Sandell Asset Management has acquired a “meaningful” stake in Barnes & Noble and, in a letter addressing the board of the struggling US bookstore chain—citing the likes of Cicero, Thomas Jefferson and Kurt Vonnegut, among others—the activist hedge fund has urged the company to consider going private.
Sandell believes that Barnes & Noble could attract bids of $12 per share—nearly 70% higher than Monday's closing price of $7.10—from a financial buyer such as a private equity firm. When it comes to potential interest from media or internet companies looking to secure a retail presence, Sandell has likened Barnes & Noble’s 633 stores to “beachfront property” the public markets have failed to properly value. Moreover, despite its low leverage and a cash flow of over $180 million in adjusted EBITDA for fiscal 2017, Barnes & Noble had a market cap of $520 million as of earlier this week—that makes it, per Sandell's view, at least, a heavily undervalued target.

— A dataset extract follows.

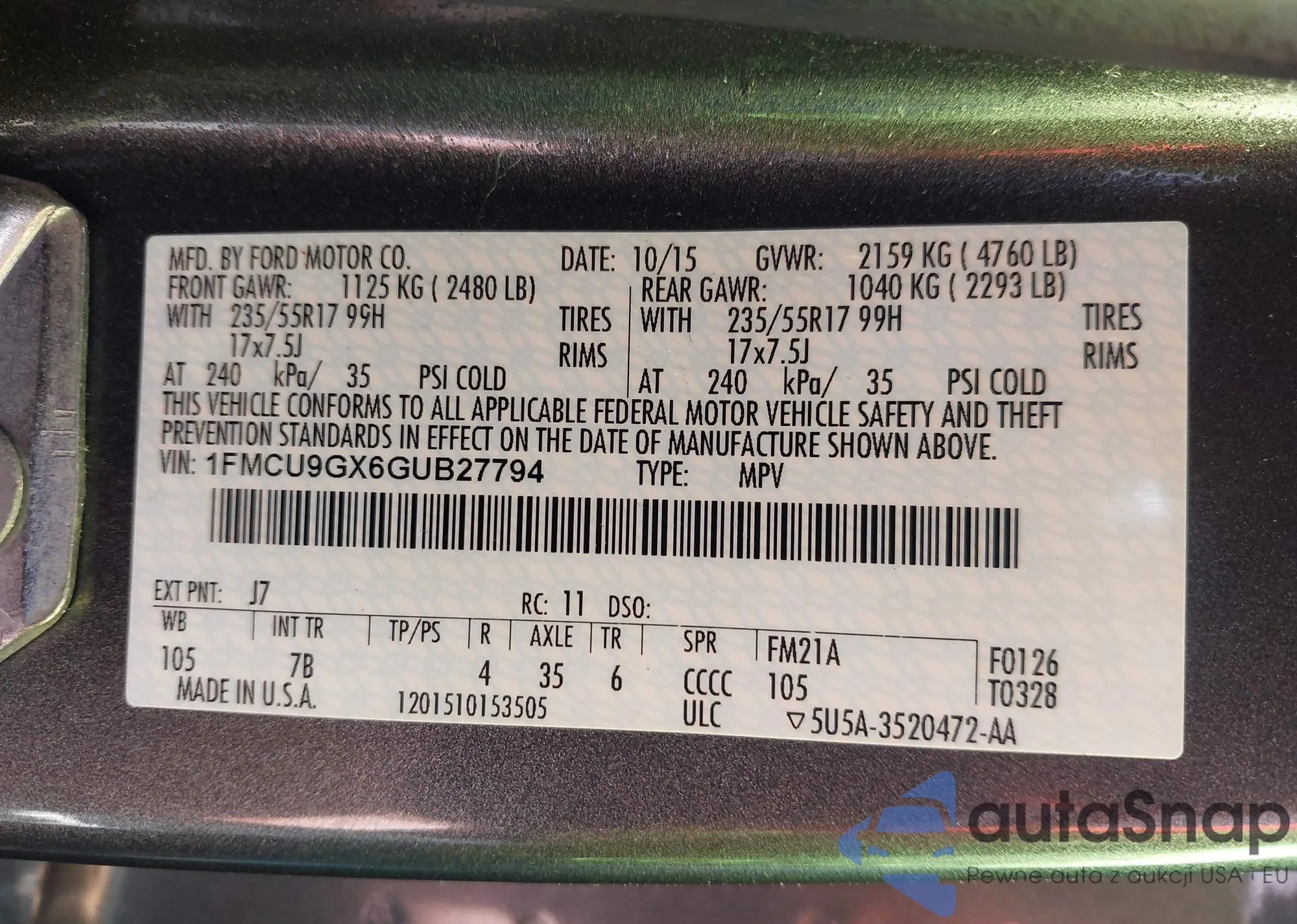 • VIN 1FMCU9GX6GUB27794

But private equity might not be the panacea that Sandell is seeking. Just ask now bankrupt Gymboree. Or to take another example, earlier this month the once iconic Abercrombie & Fitch announced that it would abandon discussions to sell itself after failing to find a buyer willing to match its asking price.

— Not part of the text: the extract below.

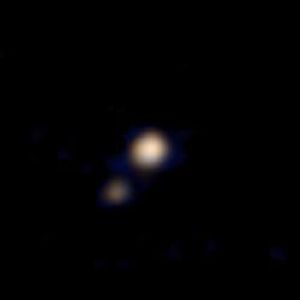 This image of Pluto and its largest moon, Charon, was taken by the Ralph color imager aboard NASA's New Horizons…

Indeed, PE investment in the retail industry is dropping off. Investors have made just 117 deals in the global retail sector representing $11.6 billion so far in 2017, per the PitchBook Platform, putting it on pace for the weakest performance for the sector since at least 2013:
On the other hand, Barnes & Noble has a few things going for it that might make it a more appealing target for a take-private deal than other retailers. After all, unlike apparel, footwear, grocery and home furnishing chains, there are now few other brick-and-mortar retail options for buying a book—thanks to Amazon.
That could inspire would-be buyers otherwise wary of retail to pick up the bookstore, if not a book.